Not many kids would do this.  Especially teenagers.  They're normally so self absorbed with a cell phone stuck in their face they don't even realize help is needed.  But this one is special.  While I'm sure she would have preferred to go straight to her room with her cell phone stuck in her face, she didn't.  She stepped in the middle of a screaming match and took over.  As amazing as this is, this isn't a one time thing for her.  This is her norm.  And I admit, I take it for granted.  Take HER for granted.  Often.  But nights like this it stops me in my tracks and makes me realize how truly blessed I am.

I know she doesn't realize how much I love her and I appreciate her.  In fact, she often accuses me of having a favorite child and it's never her. I explain to her mothers do not have favorites, we really don't like any of our children most days. 😉  But I do have my favorite parts of each child.

And this girl has so many favorite parts.

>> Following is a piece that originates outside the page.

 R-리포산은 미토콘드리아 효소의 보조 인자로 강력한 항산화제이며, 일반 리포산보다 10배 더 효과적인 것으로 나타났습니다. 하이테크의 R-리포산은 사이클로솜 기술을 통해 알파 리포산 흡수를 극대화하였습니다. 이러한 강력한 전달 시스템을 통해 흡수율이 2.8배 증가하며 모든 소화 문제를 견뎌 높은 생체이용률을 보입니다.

She is my first born. My #1.  The child numerous doctors and specialists told me I’d never conceive. The baby they said I would never carry full term yet arrived 10 days past her due date. The infant that was to be born so early and weigh so little that she’d never survive, came barreling out at 9 lbs 10 oz. She was a miracle from the beginning and has been gracing me with miracles ever since.

She's my fashion adviser, a second mother to her brothers, my shopping partner.  She's the kid who always does what I ask the first time and without complaining...well, most of the time.  She can calm her brothers down in a way no one else can.  She makes me laugh with her quirky sense of humor and goofy antics.  She tries new things and when she succeeds, she's humble - when she fails, she does so with grace.

She's kind.  She's Beautiful.  She's my best friend.

Is she perfect?  Of course not.  No one is.  But she's perfect to me.

I know she’s only a freshman in high school but I’m already completely panicking over her leaving for college. I mean, she was just in kindergarten yesterday - or so it seems.  In the meantime, I'm going to relish in her presence and soak in all the time I have with my baby girl.  I will do so with my eyes wide open because last time I blinked she somehow ended up in high school.

I pray she continues to make good choices, remains kind and always comes to me when she needs someone to talk to or a shoulder to cry on.

And I pray she continues to help her brother with his homework.